The US stock markets have staged a stunning recovery in the face of the coronavirus. The obvious questions are: Why? And: is it too good to be true?
There are two drivers of the rebound – Big Tech and the Mighty Fed. Central bank the Federal Reserve has been providing trillions of dollars of support for the US economy.
With interest rates at rock bottom, money is looking for a home and is flooding into the market. The surge is uneven, though. It’s concentrated in Big Tech, with traditional sectors such as energy and financials, still well down.
Bounce back: The US stock markets have staged a stunning recovery in the face of the coronavirus
And the animal spirits on Wall Street are not shared on Main Street, where around 30m Americans – some 20 per cent of workers – have been in receipt of unemployment benefits in the pandemic.

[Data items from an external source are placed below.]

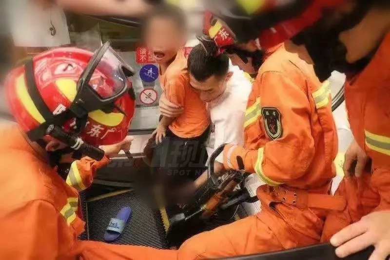 7月25日晚上,在南山區(qū)西麗留仙洞悅方廣場(chǎng)商場(chǎng)1樓東部手扶梯,有個(gè)小男孩的腳就被卡在了扶手電梯里,情況危急。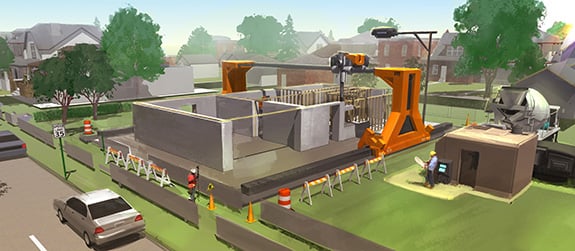 The project, dreamed up by engineering professor and 3-D printing expert Behrokh Khoshnevis, is partially funded by the Office of Naval Research and has been in development for roughly a decade. Several years ago, Caterpillar (CAT +0.45%) joined the effort by lending its engineering talent to Khoshnevis' team. By last fall, Khoshnevis' start-up, Contour Crafting, had used 3-D printing tools to build a six-foot-tall wall that could function as the exterior of a modern home. Its ultimate goal, of course, is more ambitious: a 2,500-square-foot house, laid down in 24 hours.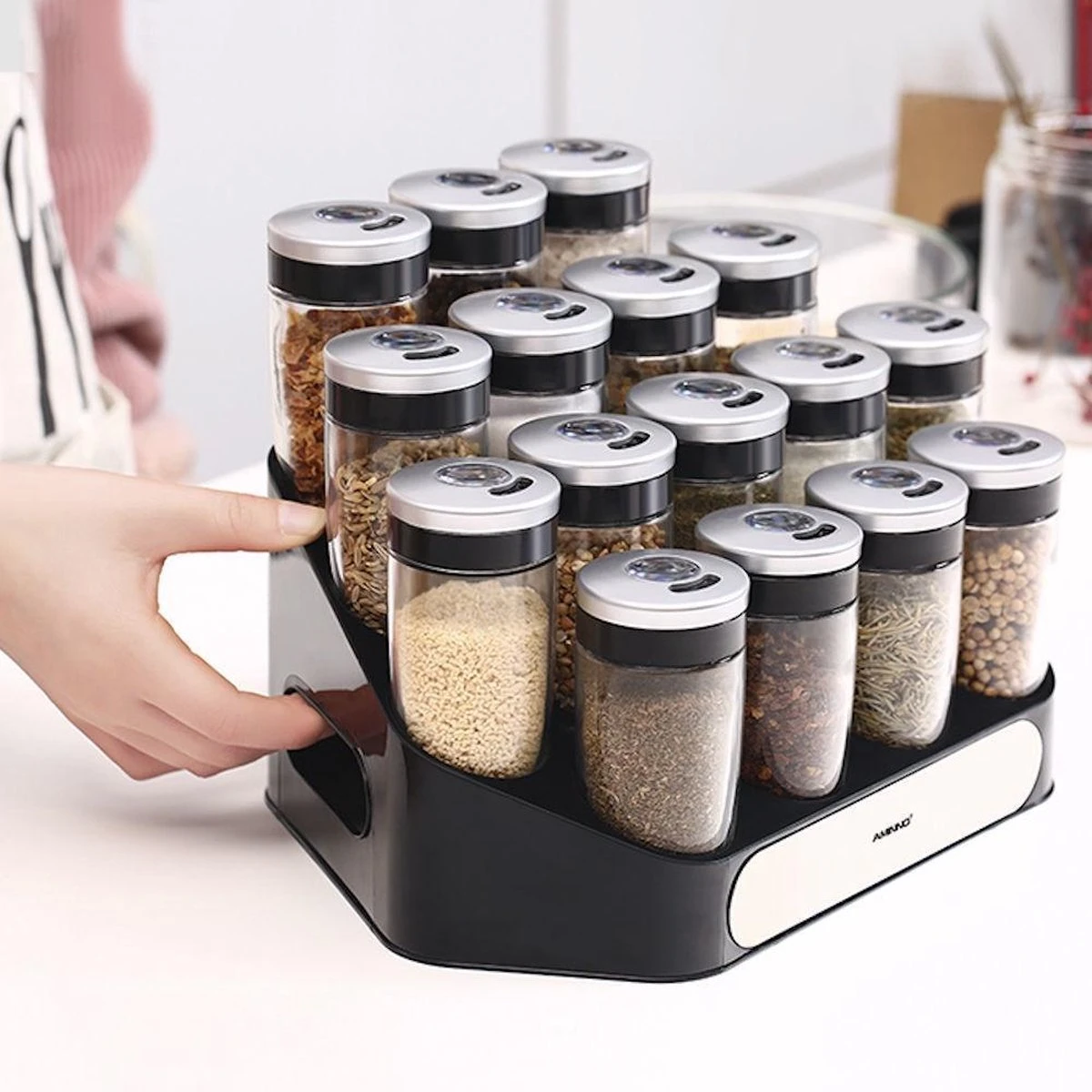 Houder inclusief: 16x specerijen potjes.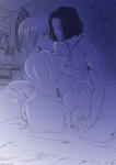 最初は人物だけのつもりだったのが描いた後に背景も欲しくなって描いたのでいろいろとアレなんですけど、背景で「ここラブホじゃないんだな」「男の部屋だな」って分かるのいいなって思います。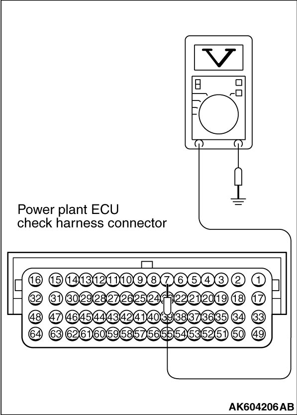 When checking with the ECM side connector, disconnect all ECM connectors. Connect the power plant ECU check harness special tool MB992110 between the separated connectors. Then connect the oscilloscope probe to the check harness connector terminal No. 7.

Yet Apple’s market value has now soared to an incredible $2trillion.
Or take electric car manufacturer Tesla, whose share price has been described as ‘insane’ in a ‘market gone mad.’

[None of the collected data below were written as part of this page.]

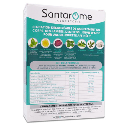 Rétention d’eau Bio de SANTAROME discount, le meilleur de la nature, dans un complément alimentaire en comprimés, à base de plantes et de bourgeons Bio destiné aux personnes ressentant une sensation de jambes lourdes, dans votre parapharmacie en ligne à prix discount. Adultes et enfants à partir de 12 ans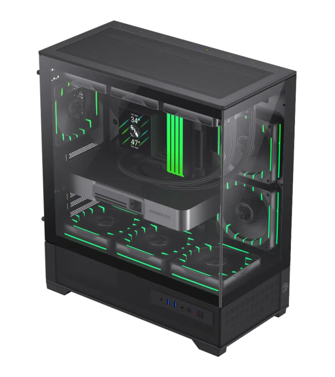 جذابیت بصری یک سیستم گیمینگ به اندازه عملکرد آن مهم است. کیس VISTA 2 AB با نورپردازی ARGB و 3 عدد فن Tornado-T12 که نورپردازی قابل آدرسدهی دارند، ظاهری خیرهکننده ایجاد میکند. وجود کنترلر نورپردازی فن به کاربران اجازه میدهد تا با استفاده از دکمههای کنترلی، افکتها و رنگهای دلخواه خود را تنظیم کرده و با سایر قطعات ARGB در سیستم هماهنگ کنند. این قابلیت شخصیسازی، کیس گیم مکس VISTA 2 AB را به انتخابی عالی برای کسانی تبدیل میکند که به دنبال یک کیس با استایل نورپردازی منحصر به فرد هستند.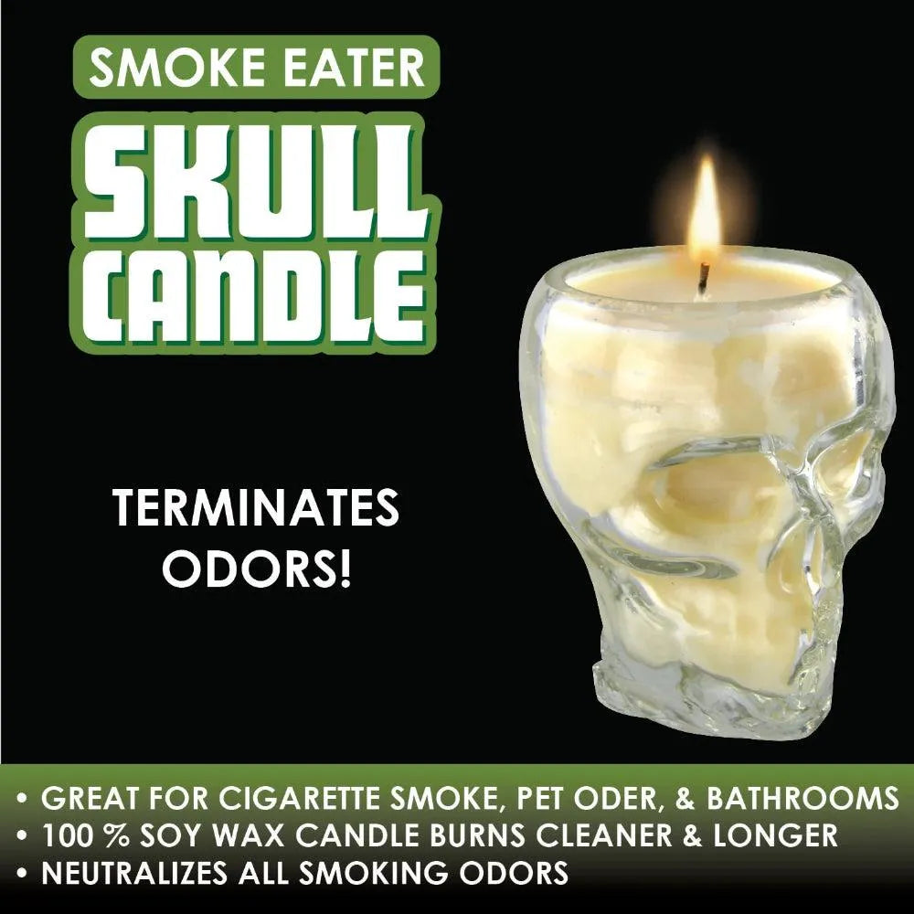 Эти свечи-черепы для пожирателей дыма от Smokezilla устраняют запахи от домашних животных, туалетов, дыма и т. д. Изготовленные из 100% соевого воска, эти свечи поставляются в стеклянных банках в форме черепа разных цветов. Высота свечей составляет 3 дюйма (7,6 см).

Even its chief executive, Elon Musk, tweeted in May that the price is too high.
Yet its rise, nearly 340 per cent since January, has continued, at least so far. Tesla has tapped into the long-term theme of greener transport.
Other tech companies have come into their own due to the virus, such as Zoom, which is up almost 300 per cent since the start of the year.
Many of us who had never heard of the video communications outfit pre-Covid became daily users, though if we all go back to work as before, then eventually it could tail off.
The upshot is that the tech-heavy Nasdaq index has risen by 23 per cent since the start of the year and by 65 per cent since the bottom on March 23.
Of course it may be riding for a fall. Among the risks for tech stocks are that they are overtaken by rivals, or attacked and broken up by regulators.
For UK investors in US tech, there is also a currency risk. But if you believe we will be using more technology a decade from now, then in the long term you can’t afford to ignore them.
The pandemic has accelerated the shift from traditional business to tech.
Companies such as Apple, Amazon and Netflix could be among the lasting winners in a post-Covid world, particularly if social distancing and targeted lockdowns remain a feature of our lives for some time.
There are plenty of reasons to be cautious about the US. Optimism about beating the virus and an economic revival are built in to the market’s rise, but may be ill-founded.
Volatility is likely to increase ahead of the election in the autumn.
Normally a Republican president would be seen as positive for markets, but given Donald Trump’s behaviour – and the likelihood, if he is re-elected, of more trade tensions with China – the usual rules are out.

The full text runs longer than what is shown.